▶ What you need to do
Would you give the listing again exactly as written, minus its pictures?

▶ Input data
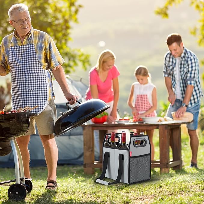 - REMOVABLE DIVIDE DESIGN:Well padded with internal divider for 6 bottles. The separator in the bag is a nice touch to stop bottles hitting against one another,Bottle holder is a safe, hassle-free solution for carrying your favorite beverages and their storage,Great for transporting wine to parties, wine dinners, restaurants, pool or beach parties, picnics, concerts and sporting events.
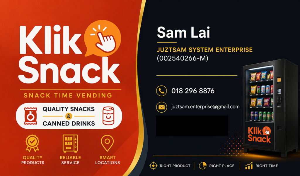 Klik Snack, operated by JUZTSAM SYSTEM ENTERPRISE, delivers innovative vending solutions designed to create passive income streams with zero hassle. Our commitment to convenience, reliability, and profitability drives everything we do, ensuring property owners and business managers achieve lasting success.
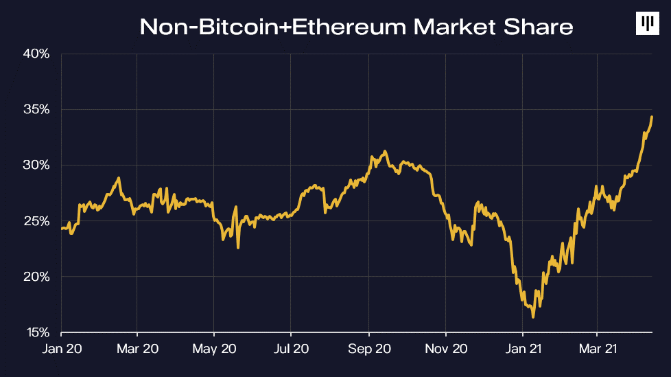 這是一個很有趣的市場,今年加密貨幣的熱錢幾乎要滿出來,也帶動其他小幣的市況,根據統計,非比特與非以太幣的市佔率逐漸攀高,有機會我會分享一下,怎麼看其他加密貨幣,
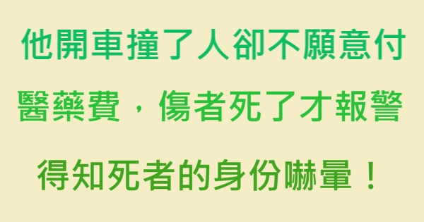 他開車撞了人卻不願意付醫藥費,等傷者死了才報警!知死者的身份馬上嚇暈!
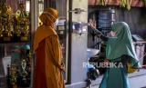 Murid melakukan pemeriksaan suhu tubuh sebelum memasuki area sekolah saat hari pertama pembelajaran tatap muka (PTM) di SD Ar Rafi, Jalan Sekejati, Kiaracondong, Kota Bandung, Rabu (8/9). Pemerintah Kota Bandung kembali menggelar pembelajaran tatap muka (PTM) secara terbatas di 330 sekolah yang meliputi PAUD/TK, SD, SMP dan SMA dengan menerapkan protokol kesehatan ketat serta membatasi jumlah murid sebanyak 50 persen dari kapasitas kelas dan sisanya mengikuti pembelajaran secara daring. Foto: Republika/Abdan Syakura (FOTO : REPUBLIKA/ABDAN SYAKURA)
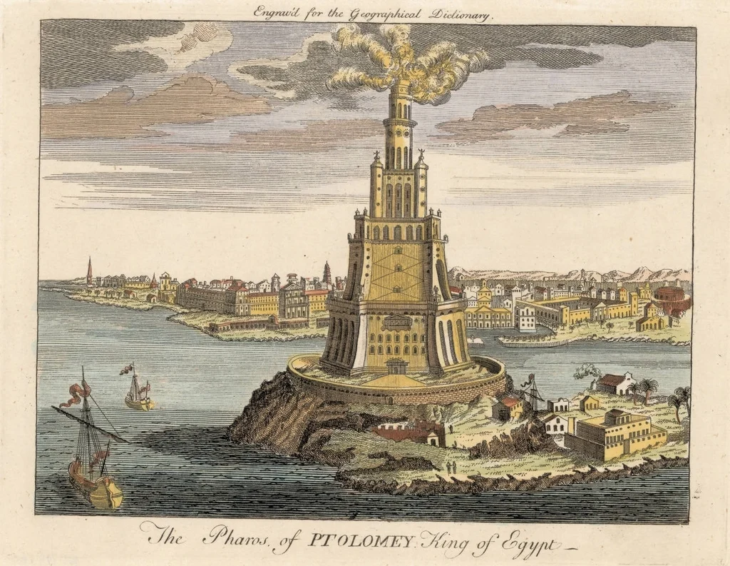 Rising majestically from the harbour entrance of ancient Alexandria, the Pharos Lighthouse stood as one of humanity’s most ambitious architectural achievements. For nearly 1,500 years, this colossal tower guided ships safely into one of the ancient world’s greatest ports, while simultaneously proclaiming the power, wealth, and technical sophistication of Ptolemaic Egypt. Though it has long since vanished, the Pharos remains legendary—one of the Seven Wonders of the Ancient World and the prototype for all lighthouses that followed.

▶ Answer box
 - REMOVABLE DIVIDE DESIGN:Well padded with internal divider for 6 bottles. The separator in the bag is a nice touch to stop bottles hitting against one another,Bottle holder is a safe, hassle-free solution for carrying your favorite beverages and their storage,Great for transporting wine to parties, wine dinners, restaurants, pool or beach parties, picnics, concerts and sporting events.
 Klik Snack, operated by JUZTSAM SYSTEM ENTERPRISE, delivers innovative vending solutions designed to create passive income streams with zero hassle. Our commitment to convenience, reliability, and profitability drives everything we do, ensuring property owners and business managers achieve lasting success.
 這是一個很有趣的市場,今年加密貨幣的熱錢幾乎要滿出來,也帶動其他小幣的市況,根據統計,非比特與非以太幣的市佔率逐漸攀高,有機會我會分享一下,怎麼看其他加密貨幣,
 他開車撞了人卻不願意付醫藥費,等傷者死了才報警!知死者的身份馬上嚇暈!
 Murid melakukan pemeriksaan suhu tubuh sebelum memasuki area sekolah saat hari pertama pembelajaran tatap muka (PTM) di SD Ar Rafi, Jalan Sekejati, Kiaracondong, Kota Bandung, Rabu (8/9). Pemerintah Kota Bandung kembali menggelar pembelajaran tatap muka (PTM) secara terbatas di 330 sekolah yang meliputi PAUD/TK, SD, SMP dan SMA dengan menerapkan protokol kesehatan ketat serta membatasi jumlah murid sebanyak 50 persen dari kapasitas kelas dan sisanya mengikuti pembelajaran secara daring. Foto: Republika/Abdan Syakura (FOTO : REPUBLIKA/ABDAN SYAKURA)
 Rising majestically from the harbour entrance of ancient Alexandria, the Pharos Lighthouse stood as one of humanity’s most ambitious architectural achievements. For nearly 1,500 years, this colossal tower guided ships safely into one of the ancient world’s greatest ports, while simultaneously proclaiming the power, wealth, and technical sophistication of Ptolemaic Egypt. Though it has long since vanished, the Pharos remains legendary—one of the Seven Wonders of the Ancient World and the prototype for all lighthouses that followed.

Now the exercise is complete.